* [DATA]
════════

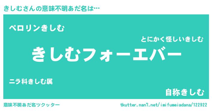 | 男性向けラノベタイトル風あだ名 | 『きしむに滅ぼされるだけの簡単なお仕事です』 |
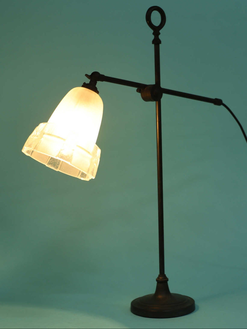 1950年代(推定)にベルギーで製造された、重厚な存在感を放つヴィンテージランプです。ベースとフレームには、歴史を感じさせる深みのあるアイアンが用いられ、その無骨な素材感がモダンなデザインを引き締めています。シェードは柔らかな光を透過する美しい磨りガラスで、アールデコの幾何学的なカットが施されています。全体的な佇まいは、まるでモダンアートのオブジェのような造形で、点灯していない時でも空間に確かな存在感を与えます。最大の特長はアームのジョイント機構です。シェードの高さと角度を自由に調節できるため、読書や作業用のデスクランプとして最適です。手元を集中的に照らすだけでなく、間接照明のように使うこともでき、多様なシーンに対応します。
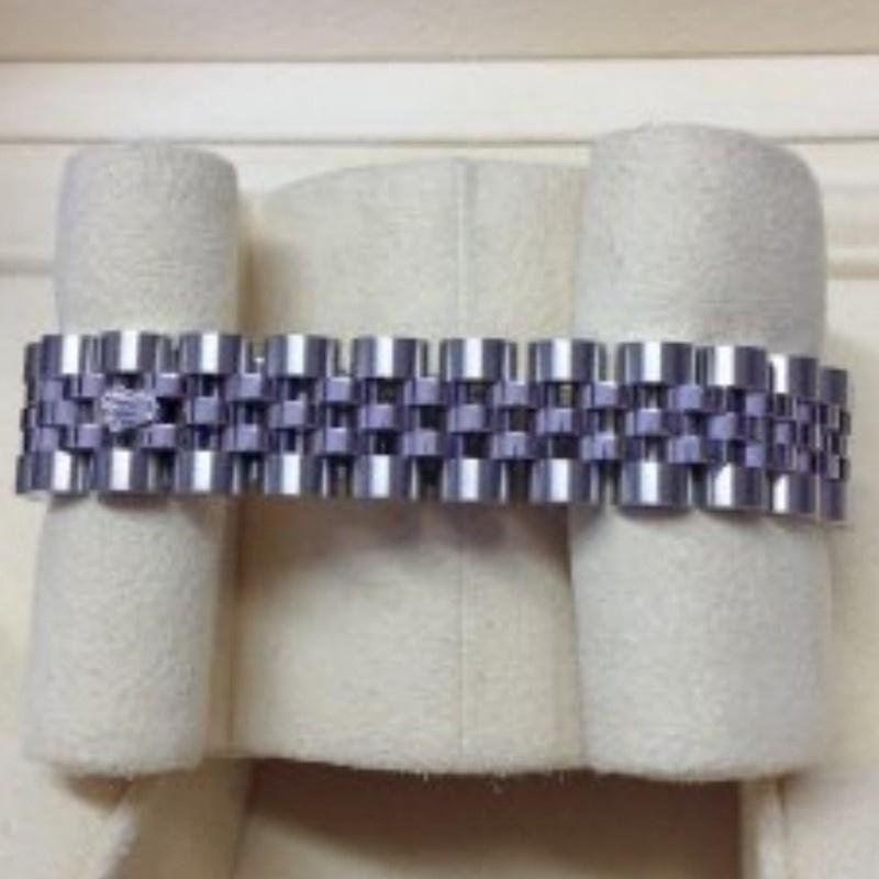 Rolex Datejust 179174 replica watch for women, black Roman dial, knurled bezel, 26 mm. 26mm diameter stainless steel Oyster case. White gold fluted bezel. Scratch resistant sapphire crystal with Cyclops magnifying glass. Black dial with Roman numeral markers. Calendar with window at 3. Jubilee stainless steel bracelet with hidden clasp.

════════

Leaving all pictures aside, print exactly the lines from the one that contains "1950年代(推定)にベルギ" through the last line of the data above, inclusive.

* [SOLUTION TO THIS TASK]
 1950年代(推定)にベルギーで製造された、重厚な存在感を放つヴィンテージランプです。ベースとフレームには、歴史を感じさせる深みのあるアイアンが用いられ、その無骨な素材感がモダンなデザインを引き締めています。シェードは柔らかな光を透過する美しい磨りガラスで、アールデコの幾何学的なカットが施されています。全体的な佇まいは、まるでモダンアートのオブジェのような造形で、点灯していない時でも空間に確かな存在感を与えます。最大の特長はアームのジョイント機構です。シェードの高さと角度を自由に調節できるため、読書や作業用のデスクランプとして最適です。手元を集中的に照らすだけでなく、間接照明のように使うこともでき、多様なシーンに対応します。
 Rolex Datejust 179174 replica watch for women, black Roman dial, knurled bezel, 26 mm. 26mm diameter stainless steel Oyster case. White gold fluted bezel. Scratch resistant sapphire crystal with Cyclops magnifying glass. Black dial with Roman numeral markers. Calendar with window at 3. Jubilee stainless steel bracelet with hidden clasp.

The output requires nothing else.